Делимся цитатами из первых отзывов литературного сообщества
Новая книга Виктора Пелевина «Круть» появится в продаже 3 октября в 20:24. Но уже сейчас можно познакомиться с отзывами литературных критиков, которые в числе первых прочитали роман.
Авторы рецензий раскрывают подробности сюжета, ищут любопытные отсылки и делятся впечатлениями о прочитанном. Выдержки из них — в нашем материале.
Как именно случится возрождение ада, неясно, но известно место, в котором зло собирается войти в мир: Ветроколония номер семьдесят два где‑то в Сибири. Там люди в пестрых ватниках крутят педали, приводя в движение огромные ветряки, — все это связано с «Крутью», национальной идеей климатолога Дугина... простите, Лукина.
Ну и так далее: читателей ждут погружение в блатной мир, где петухи враждуют с курами-заточницами, монологи о схожести космической инфляции с центробанковой, превращение в динозавра, триумфальное возвращение медузоподобной рыбы-литературоведки, и непременная вставная новелла на полсотни страниц, слепленная из Лимонова, Прилепина, Сорокина и черт знает кого еще. А, и вдобавок ко всему Пелевин, кажется, тоже наконец прочитал Янагихару и делится впечатлениями.

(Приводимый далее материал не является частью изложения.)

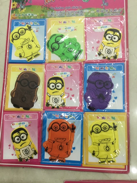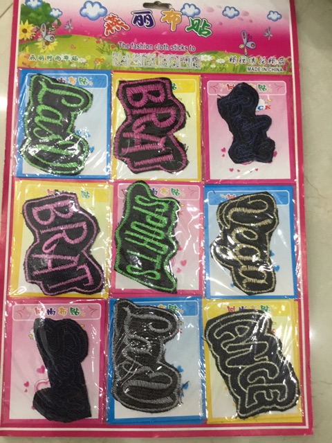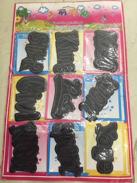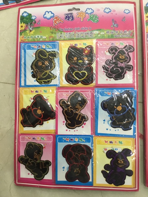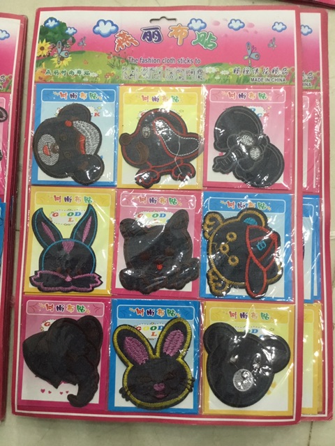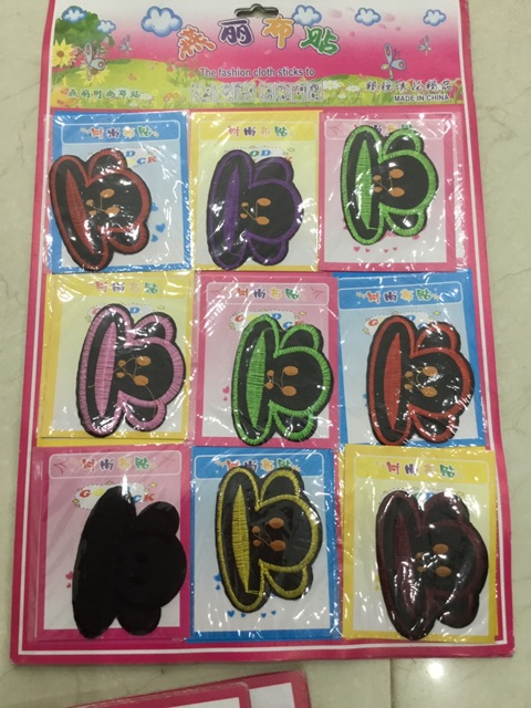 Sản phẩm miếng dán trang trí, hay vá vào quần áo bị rách.1 tờ gồm 9 miếng dán

Пелевину очень уютно и удобно в придуманном им мире: он постепенно перекидывает в него героев всех своих предыдущих книг, в том числе и ранних, конструируя своеобразную метавселенную. Например, мы узнали, что случилось с Минотавром из «Шлема ужаса» — последствия этих событий существенно влияют на завязку «Крути».
Но этот писатель занимает одну очень важную для современной литературы позицию — он выступает своеобразным пересмешником, мудрым и язвительным шутом в дворце современной русской прозы.
И Пелевин предстает перед нами эдаким литературным Дон Кихотом: за ним интересно наблюдать, его интересно читать, но почему-то всерьез его предупреждения никто не воспринимает. Хотя в своих умозаключениях Виктор Олегович, похоже, еще ни разу не ошибся.
Справедливости ради стоит отметить, что и самоиронии Виктору Олеговичу не занимать. Он посмеялся и над собственной закрытостью («куро-труп, баночник пятого таера, трубку не берет, но сам позвонить может»), и над гипотезами, что за Пелевина пишет искусственный интеллект/литературные негры, и вывел своего альтер эго в довольно провокативном приапическом образе. А также продемонстрировал некоторую литературоведческую рефлексию, побратавшись с Уэльбеком и продемонстрировав знание Янагихары — если не ее текстов, то по меньшей мере имени.
«Куда больше автора «Крути» занимают изменения, произошедшие в воровской иерархии: почти поголовное чипирование и коррекция «токсичной маскулинности» привели к тому, что в уголовной среде сработал закон «инверсного возвышения»: вчерашние авторитеты оказались внизу, а парии заняли их место. Но это не значит, что новая криминальная элита может спать спокойно: кроме других авторитетов «петухам» приходится бояться «кур» — авторитетов женских колоний. <...> При чтении этих занимающих немалую часть «Крути» фрагментов возникает ощущение, что Пелевину наконец-то становится снова интересно писать. Воровской тезаурус уже не раз был им приставлен к делу, прелести мезозоя смотрятся как-то немного вымученно, изгнание духа предстает в «Крути» делом хотя и опасным, но довольно-таки рутинным. А вот возможность опять передать привет новому поколению и милым дамам — да, это по-прежнему трогает ожесточившееся с годами писательское сердце.
Нельзя не отметить и любопытное. Шаг за шагом Пелевин движется к боевой фантастике, явно вдохновляясь популярными нынче компьютерными играми: как и в «Путешествии в Элевсин» и «КГБТ+», в «Крути» немало места отводится сражениям, смене ракурсов и героев, прыжкам из одного времени в другое.
Писатель пробует создать книжный экшен и жанровую поделку, но знание мировой литературы нависает над ним дамокловым мечом. Только он наращивает динамику и подключается к новому герою (и читателю), как сам же прибивает его каким-нибудь Проппом или Батаем. Или андалузской девой, как реверансом любимому сюрреализму, Луису Бунюэлю и Сальвадору Дали.
Удивительный роман. Читаешь — ну какая чушь, совсем дед поехал. Спустя три дня бесконечного поиска дополнительных бессмысленных смыслов думаешь — ну как же глубоко!